Die bisherigen Ausführungen beschränkten sich v.a. auf das schneereichere Nordtirol. In Osttirol sind die Tourenmöglichkeiten aufgrund von Schneearmut und massivem Windeinfluss weiterhin stark eingeschränkt, umso mehr, je weiter man Richtung Süden kommt.

Staller Sattel in Zentralosttirol vom (Foto: 11.01.2017)

Ein Ausblick auf das Wochenende:

Die Aussichten versprechen Neuschnee mit Schwerpunkt im Norden des Landes. Absoluter Hotspot werden diesmal die Arlbergregion und teils auch das Außerfern sein. Die oben schon angesprochene Kaltfront in der Früh des 13.1. brachte abgesehen von markantem Temperaturrückgang und Sturm in diesen Regionen rund 20 cm, sonst meist um oder knapp über 10 cm und in Osttirol auch deutlich weniger. Bis zum Samstagnacht (14.01.) strömt immer kältere und in mehreren Staffeln auch feuchte Luft von Nordwesten gegen die Alpen. Somit sind in den inneralpinen Regionen bis Sonntag zusätzlich meist 20 – 30 cm, in den meisten Teilen der Nordalpen sowie in den Zillertaler Alpen und der Tauernregion 30 – 60 cm zu erwarten. Am Arlberg fallen voraussichtlich weitere 50 – 80 cm Schnee. Die Temperaturen gehen wieder auf hochwinterliches Niveau zurück und verbleiben dort auch in der kommenden Woche. Ergiebige Schneefälle kündigen sich dann aber nicht mehr an.
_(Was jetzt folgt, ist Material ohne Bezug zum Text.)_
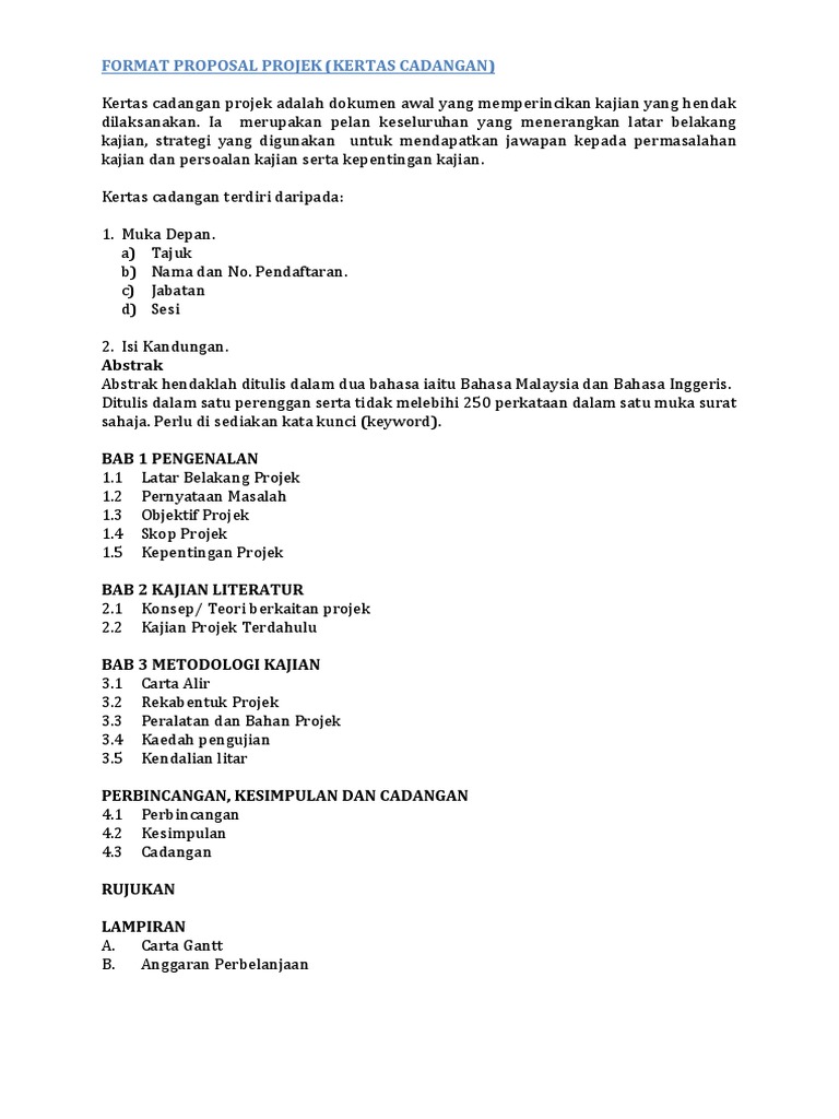 Lazimnya pendidikan terbahagi kepada dua iaitu pendidikan secara formal dan juga. Contoh Proposal Proyek Format dan Cara Membuatnya. 2 ISI KANDUNGAN Butiran Muka surat Abstrak 1 Isi Kandungan 2 Penghargaan 3 10.

72h-Prognose der Neuschneehöhen über das Wochenende. (von http://www.wetterzentrale.de )

Zusätzlich zu dem ausführlich beschriebenen Altschneeproblem wird sich dann auch wieder ein neues Triebschneeproblem (mit einer möglichen Schwachschicht aus lockerem Neuschnee) v.a. oberhalb der Waldgrenze ausbilden.

Fazit: Wer am Wochenende auf Skitouren oder im Variantengelände unterwegs sein will, sollte sich sehr gut auskennen. Relativ sichere Verhältnisse findet man derzeit nur unterhalb etwa 1900m in weniger vom Wind beeinflussten Gebieten vor. In den neuschneereichen Regionen muss dort allerdings auf ein mögliches  Abgleiten des Schnees auf steilen Wiesenhängen geachtet werden (Gleitschneeproblem).

Achtung: In den neuschneereichen Regionen erwarten wir während der Schneefälle auch spontane Lawinenabgänge. Die Gefahr wird voraussichtlich regional auf groß ansteigen!

(...unter Mitarbeit unseres Praktikanten Alexander Radlherr)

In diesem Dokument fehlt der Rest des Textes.